Nach der Vorstellung und einigen stehend gewechselten Worten nahmen wir alle Platz und plauderten eine gute Weile lebhaft und munter zusammen. Im Laufe des Gesprächs brachte der Herr Kommandant der »Suffren« die Rede auf unsern Besuch an Bord seines Schiffes. Es wurde jetzt fest abgemacht, daß wir am späten Abend uns auf dem Kriegsschiffe einfinden sollten. Die späte Stunde machte keine Schwierigkeiten, da es ja fast bis zur Tagesscheide hell ist wie mitten im Tag.
Nach einer guten halben Stunde erhoben sich die Herren, und man verabschiedete sich herzlich voneinander.
Nach diesem Besuch kehrte ich zu Viktor zurück, um unsere abgebrochene Unterhaltung weiterzuführen. Ich berichtete zuerst, wer die Besucher gewesen waren, und teilte ihm auch die Stunde unseres Besuches auf dem französischen Kriegsschiff mit. Dann gingen wir wieder zum Thema über.

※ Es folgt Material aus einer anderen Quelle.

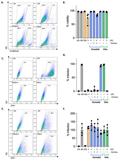 In vitro evaluation of CPC-containing mouthwash antiviral activity. (A) Flow cytometry plots of Live/Dead staining of cells treated with the corresponding conditions. (B) Viability of cells treated in vitro with CPC-containing mouthwash protocol. Data represents % of viable cells in each condition. (C) Flow cytometry plots of HSV in vitro infection, measured by GFP expression. (D) Blockade of HSV infection after pretreatment with the different CPC formulations tested. Bars represent the percentage of GFP-expressing cells measured by flow cytometry. (E) Flow cytometry plots of HPV in vitro infection, measured by GFP expression. (F) Relative HPV infection after pretreatment with the different CPC formulations tested. Bars represent the percentage of GFP-expressing cells, compared to the infected condition, measured by flow cytometry. All determinations were performed in quadruplicate. Bars represent mean +/− SD of 4 independent determinations. Yellow bars, positive controls containing SDS or CPC; Blue bars, PerioAid-based mouthwashes; Green bars, Vitis-based mouthwashes. Un, uninfected; Inf, infected untreated; PerA++, PerioAid containing CPC and chlorhexidine; Vitis+; Vitis containing CPC.

»Haben Sie gehört«, fing Viktor an, »daß sehr bald ein englisches Riesenflugzeug erwartet wird?«
»Nein, davon habe ich nichts gehört.«
»Es soll heute nachmittag ankommen und wird im Hafen auf dem Wasser landen. Die englische Regierung habe es hierher geschickt zu Ehren der Tausendjahrfeier. Es ist eine Aufmerksamkeit der englischen Regierung gegen Island. Das Flugzeug wird während der drei Festtage täglich von hier nach Thingvellir fliegen und über dem Festplatz kreisen. Am Abend wird es dann nach Reykjavik zurückkehren und während der Nacht hier im Hafen liegen.«
»Das ist ja ganz interessant.«
»Ich habe auch gehört, es werde während des Tages, zwischen den Flügen, über dem Festplatz auf den großen Thingvallasee niedergehen, der dicht neben dem Festplatz liegt.«
»Das wird prächtig werden. Und ich muß sagen, Viktor, es ist wirklich nett von den Engländern, so viel zu Ehren Islands zu tun.«
Mit einem eigentümlichen Lächeln erwiderte Viktor: »Sicher ist es nett von den Engländern; aber wer weiß, vielleicht wird Deutschland ebensoviel, ja möglicherweise noch mehr tun …«
Ich sah den Jungen an und merkte gleich an seinem Gesichtsausdruck, daß er noch etwas wissen mußte, was mir unbekannt war.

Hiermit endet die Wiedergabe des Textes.